If the design is a floral piece, this stage is where all of the individual flower petals and leaves are created and/or assembled together. For example, the Cybis Dahlia is comprised of 90 separate petals, each one formed by hand and joined to create a flower that is more than 6″ in diameter.

Step 8, Bisque Firing

Now it’s time for the first firing. Because the heat of the kiln will alter the size and also the shape of the greenware piece, it must be supported at the proper spots by props made of the same porcelain slip that was used in the Working Molds. This makes sure that the props will shrink at the exact same rate and percentage as the assembled sculpture that they are holding in place, and that all parts of the design will emerge in their intended positions. Depending on the exact formulation of the liquid porcelain, shrinkage can range from 15 to 30 percent.

Most studios had their big kilns set on steel rollers so that the sculptures could be assembled and then the kiln body was moved into place around them. This is because moving an extensively propped piece would likely shift the props out of place. The size of the sculptures determined how many could be fired at once time in any particular kiln. Simple sculptures requiring little or no propping could simply be placed by hand into a stationary kiln. This photo, taken inside the Cybis studio in 1983, shows one of the large kilns. Some of the pieces have props but most do not.

Now the Kiln Operator takes over. This first firing is called the bisque firing with the heat gradually rising to 2500F (about 1200C). Pyrometric cones are placed inside as well, usually in a set of three that will melt at specific temperatures; these cones must be carefully watched by the kiln operator because this will indicate the proper time to turn off the kiln. Depending on the exact formulation being used, the entire process from turn-on to the removal of the fired bisque figures takes at least two days. During this firing the color of the pieces changes to the bright white typical of bisque porcelain.

There is always an element of risk in any firing. Marylin Chorlton said in a 1968 interview that they had to discard about 60% of their pieces after the bisque firing because some part of the piece did not respond to the firing as expected.

Special Note: The procedure described so far applies to hard-paste porcelain which is the type that was used by American porcelain studios. In the UK and in some parts of Europe, bone ash is added to the slip, resulting in bone porcelain which they also called fine bone china. Because of their differing chemical composition, such pieces require a second firing after being sprayed with an almost imperceptible glass-based glaze. This so-called ghost firing is done at about 2300F/1100C and lasts for 10 hours. American-made hard-paste porcelain pieces did not require this step.

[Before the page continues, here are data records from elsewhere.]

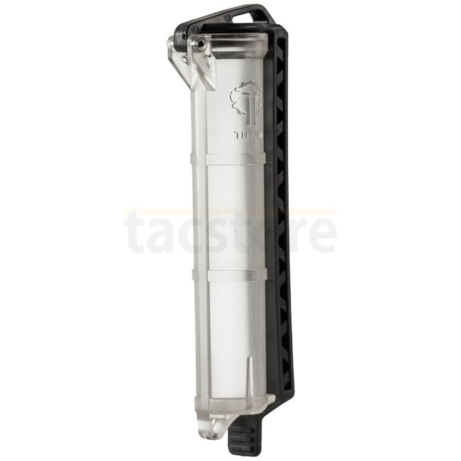 Kompakter und vielseitiger THYRM CellVault Batteriespeicherbehälter. Ideal zur Aufbewahrung von Batterien, Überlebensausrüstung, Erste-Hilfe-Materialien, Verbrauchsmaterialien, kleinen Wertsachen und mehr. Abmessungen: 12,95 x 2,8 x 3,3 cm. Gewicht: 45g.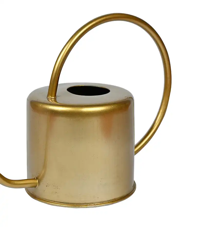 This product features a metal watering can in golden colour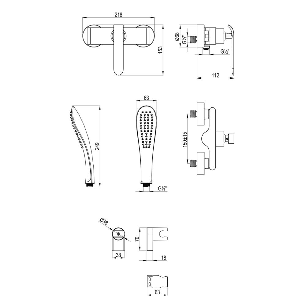 - Аксессуары в комплекте: душевой шланг ПВХ 1,5 м, 1-функциональная лейка 62x249 мм, настенное поворотное крепление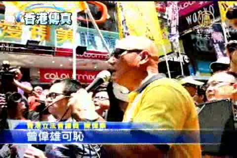 香港立法會議員陳偉業:「法輪功給他們滋擾一年多,你們可以肆無忌憚地不理,這是不是曾偉雄的立場,曾偉雄可恥。」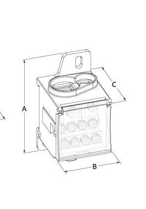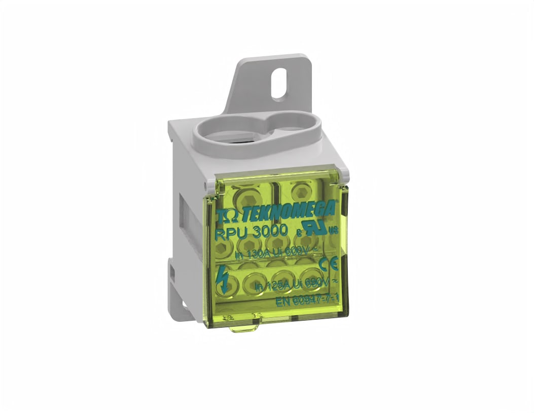 Morsettiera di distribuzione, marca TEKNOMEGA SRL, modello TKGRPU3000 - RIPARTITORE COMPATTO UNIPOL. 125A 8OUT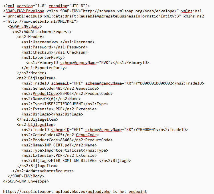 U hoeft de bijlages niet zelf te bouwen, maar ze moeten wel in Ketenregister staan. Er is een apart bericht ontwikkeld, om een scan van het importcertificaat te koppelen aan de HPI in Ketenregister. In overleg met de NVWA wordt op dit moment alleen pdf als bijlage ondersteund. Het koppelen van de scan is niet bedoeld voor het pre-exportcertificaat bij herkomst EU. Is een scan gekoppeld dan ziet u het kenmerk “Importdocument” bij de HPI in KR staan.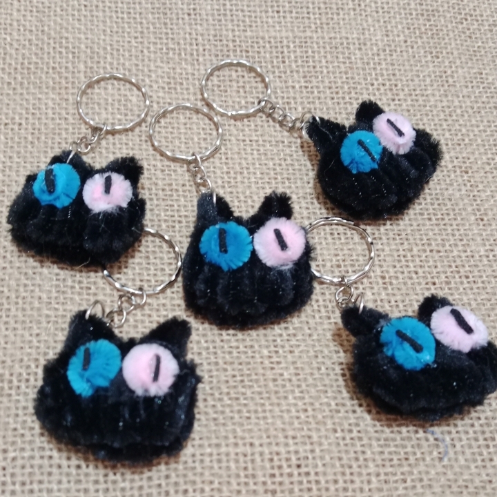 Gantungan kunci handmade dari bahan kawat bulu dengan bentuk karakter kucing, cocok untuk sovenir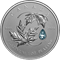 Set against a matte field, the reverse design features two sugar maple (Acer saccharum) leaves floating in the wind and positioned in a way that suggests a circular motion. The engraved design is embellished with a 0.23-carat, AAA-grade, pear-shaped, rose-cut aquamarine gemstone, which stands in for a sparkling water droplet. The obverse features the effigy of His Majesty King Charles III by Canadian artist Steven Rosati.
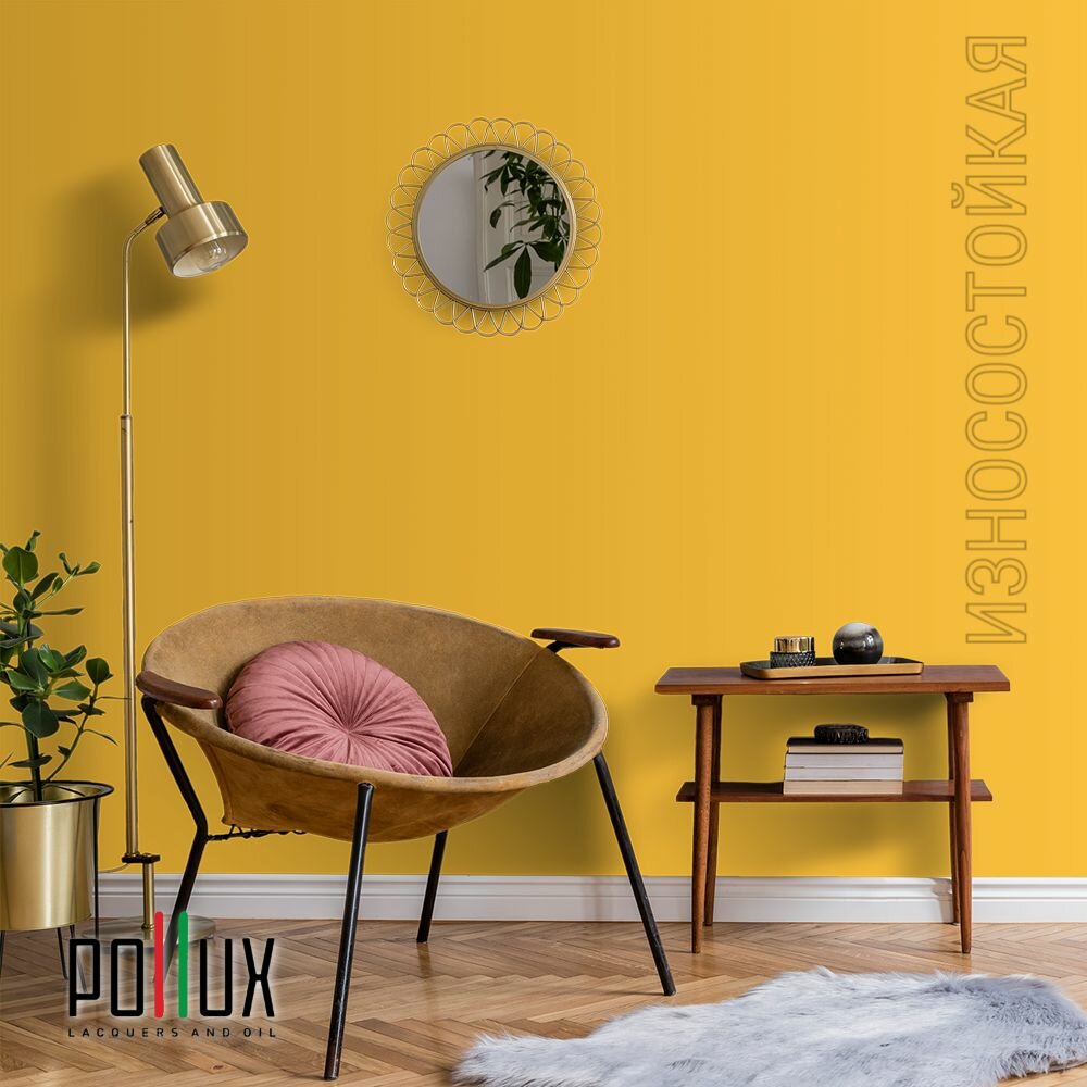 Краска моющаяся интерьерная для стен и потолков, Pollux INTERIOR без запаха, быстросохнущая, акриловая, матовое покрытие, цвет NCS S 6030-Y10R, 1л.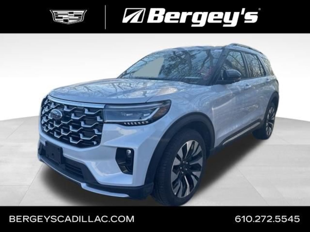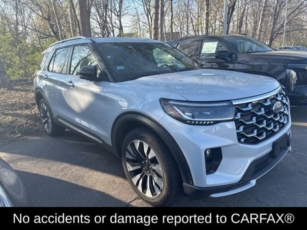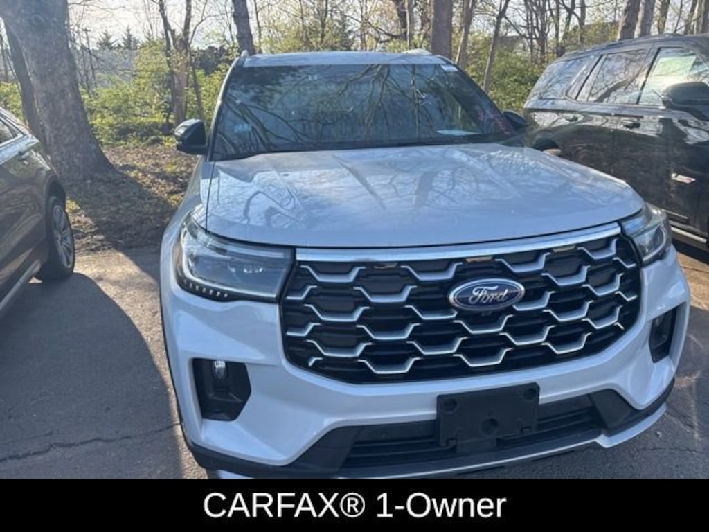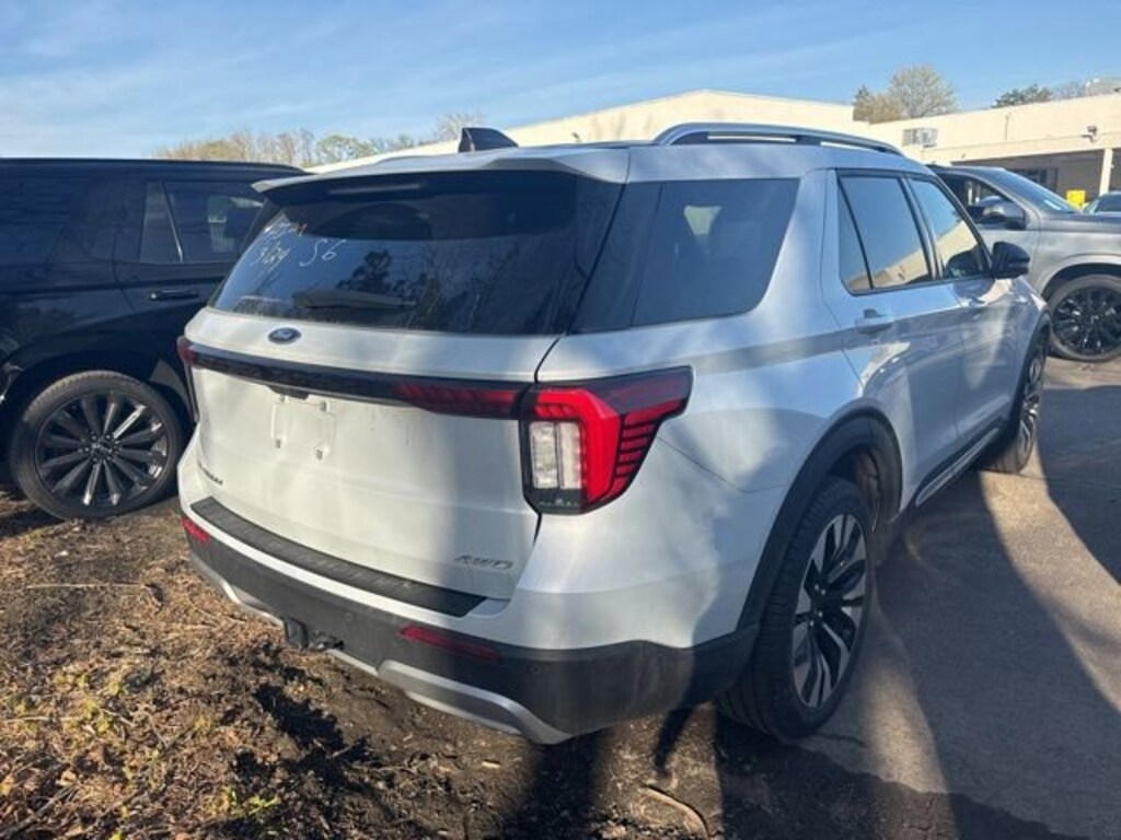 4WD. CARFAX One-Owner. White Metallic 2025 Ford Explorer Platinum 4WD 10-Speed Automatic 2.3L EcoBoost I-4

The fired sculpture is then carefully inspected for any problems or flaws, or any minute cleanup that may be needed before the next stage.

Step 9, Painting and Paint Firings

The bisque sculptures now become the province of the Painter. The paints used on art porcelain arrive in powdered form and are composed of various metal oxides that will transform into specific colors when exposed to the heat of a kiln. Blues and greens result from chromium and copper mixed at the correct rates with soda and potash; yellows, oranges and reds come from iron; manganese and cobalt results in blues and purples. Changing the oxygen ratio inside the kiln will change the final paint color as well. It’s the responsibility of the Painter to ensure that the powders and liquids are mixed correctly in order to provide the proper color.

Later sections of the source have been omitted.